GOAL OF THE EXERCISE
With every picture left out, give the data below back exactly.

MATERIAL TO PROCESS

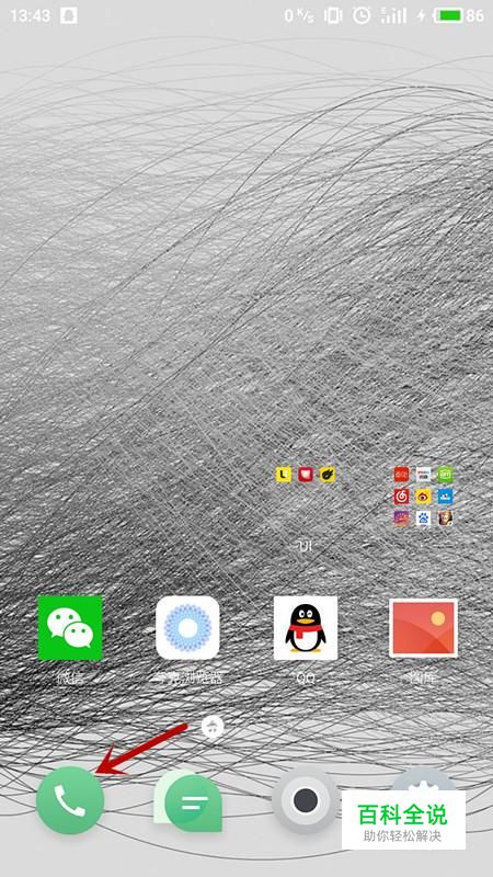 要将陌生手机号码加入黑名单,解锁手机进入主界面,选择“通话”
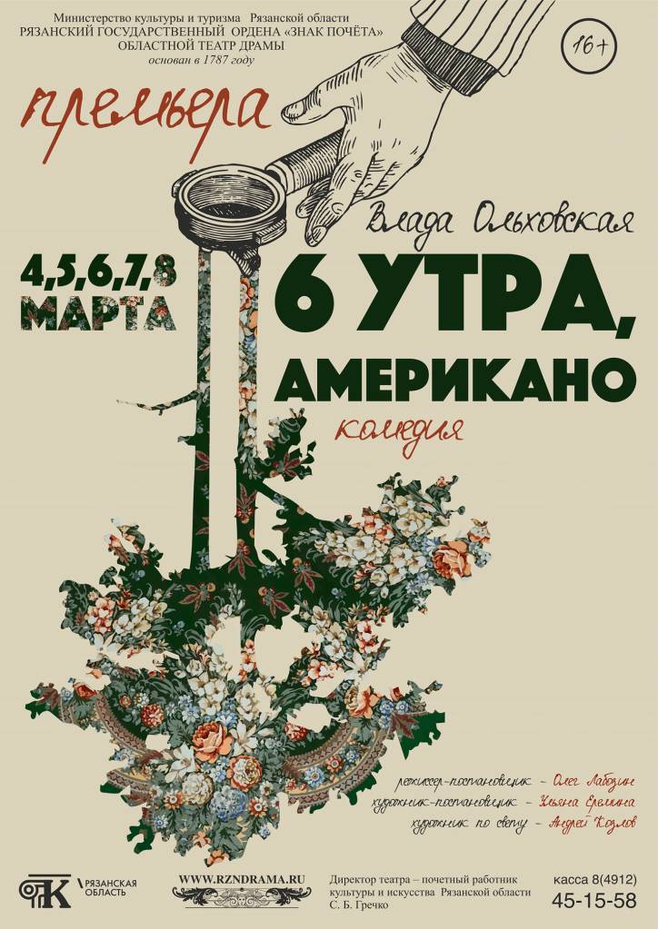 4, 5, 6, 7 и 8 марта в Рязанском Государственном Областном Театре Драмы состоятся премьерные показы комедии «6 утра, американо» по пьесе Влады Ольховской.
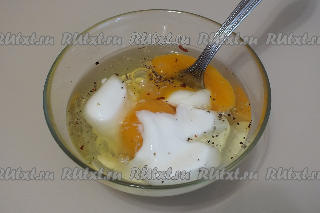 Сделайте заливку для запеканки, для этого сырые яйца, сметану, соль и специи хорошо перемешайте с помощью вилки.
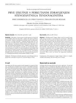 Orožim, Zdenko, Pekarović, Jožefa. "Prve izkušnje s perkutanim zdravljenjem stenozantnega tendovaginitisa."
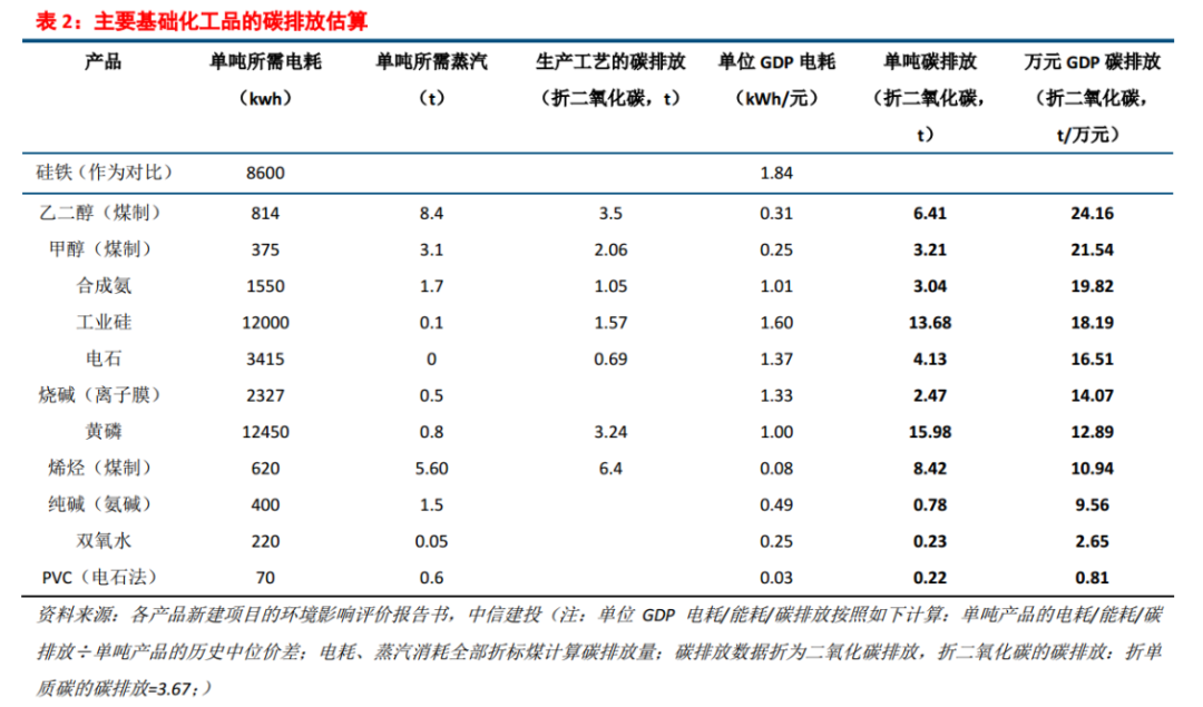 根據計算結果,單位GDP碳排放居于前列的基礎化工產品分別是煤制乙二醇、煤制甲醇、合成氨、工業(yè)硅、電石、燒堿、黃磷、MTO、純堿。集中在低附加值的大宗化工品,基本上與電耗高/電力成本占比高的產品相吻合。同時,也與內蒙古給出的禁止新建產能的化工品清單基本吻合。
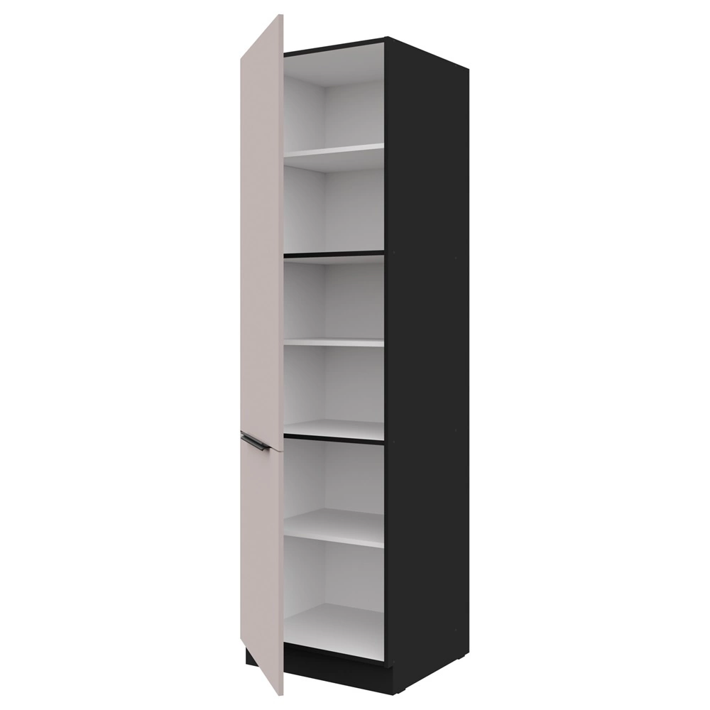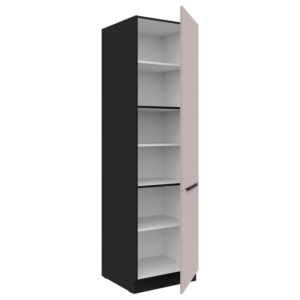 Díky svému univerzálnímu umístění se kuchyňský nábytek hodí do interiéru každé kuchyně. Černé korpusy a béžová čela podtrhují eleganci kuchyňských skříněk. Stylovým doplňkem čel kuchyňských skříněk je černá, kovové okrajové držáky, které kromě své primární funkce dodávají nábytku zvláštní nádech.

ANSWER
 要将陌生手机号码加入黑名单,解锁手机进入主界面,选择“通话”
 4, 5, 6, 7 и 8 марта в Рязанском Государственном Областном Театре Драмы состоятся премьерные показы комедии «6 утра, американо» по пьесе Влады Ольховской.
 Сделайте заливку для запеканки, для этого сырые яйца, сметану, соль и специи хорошо перемешайте с помощью вилки.
 Orožim, Zdenko, Pekarović, Jožefa. "Prve izkušnje s perkutanim zdravljenjem stenozantnega tendovaginitisa."
 根據計算結果,單位GDP碳排放居于前列的基礎化工產品分別是煤制乙二醇、煤制甲醇、合成氨、工業(yè)硅、電石、燒堿、黃磷、MTO、純堿。集中在低附加值的大宗化工品,基本上與電耗高/電力成本占比高的產品相吻合。同時,也與內蒙古給出的禁止新建產能的化工品清單基本吻合。
 Díky svému univerzálnímu umístění se kuchyňský nábytek hodí do interiéru každé kuchyně. Černé korpusy a béžová čela podtrhují eleganci kuchyňských skříněk. Stylovým doplňkem čel kuchyňských skříněk je černá, kovové okrajové držáky, které kromě své primární funkce dodávají nábytku zvláštní nádech.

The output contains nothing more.